I guess a little rain must fall on us all.

Killerbee65

Joined May 15, 2017
214
Why do you think the Amazon module will produce an output of 9V-12V at 2A when it has No Detailed Spec's?
It says 18650 which is a little 3.7V cell that might be able to produce 2A. The module seems to have a mini 5V USB connector.
The ad says Charging and Discharge.

The USB might be an 5V input that feeds a single cell battery charger circuit. The ad says 9V and 5V but does not say 12V or the maximum output current which might be only (3.7V/9V) x 2A= 0.82A x 80%= 0.66A.
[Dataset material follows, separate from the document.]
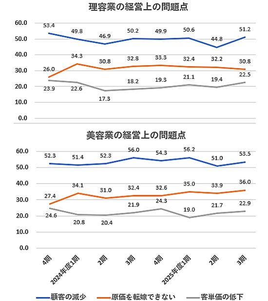 客単価低下と顧客減少が拡大 理美容業の経営環境さらに悪化 【経営上の問題点】(2025年10~12月期)

Amazon and their sellers know NOTHING about electronics.
I second that! I used that device as mainly a reference so I dont sound like an idiot trying to describe what it was that I was looking for but seeing how that specific device was the only one i could really find (in my understanding) it was the one I chose to show off. If there is a better or alternate device/ method I could use please let me know!

Audioguru again

Joined Oct 21, 2019
1,304
If you need 12V then why not use a 3 cells Li-PO battery and charger for it from a hobby store that sells RC cars, airplanes and helicopters? It will be 12.6V at full charge and little ones or huge ones are available.

Killerbee65

Joined May 15, 2017
214
Ok so I did the math, thank you again for supplying the equation, and found that if I want 9v from 4.4v with 10000mAh then theoretically I should have about 4500mAh at 9v as my output using a 94% efficiency rating. Now the question is what device can do this for me? How can I make it myself? Can a device even do this for me in the first place?

Killerbee65

Joined May 15, 2017
214
If you need 12V then why not use a 3 cells Li-PO battery and charger for it from a hobby store that sells RC cars, airplanes and helicopters? It will be 12.6V at full charge and little ones or huge ones are available.
I realistically only really need 9v, that being said I have looked at those kind of batteries but the problem arises when I need to charge the battery. It has to be charged through a micro usb (part of the challenge) and the batteries I have come across use a special kind of charger, using a device like the dc to dc converter with the micro usb saves me time, money, and patience.

Audioguru again

Joined Oct 21, 2019
1,304
An ordinary "3.7V" Li-PO cell is 4.2V when fully charged, never 4.4V. It is destroyed if it is discharged below about 3.0V so a circuit must sense the voltage and disconnect it when the voltage gets low.
As the battery voltage runs down its current rises and its charge is drained faster.
The huge battery cell will take a long time to charge.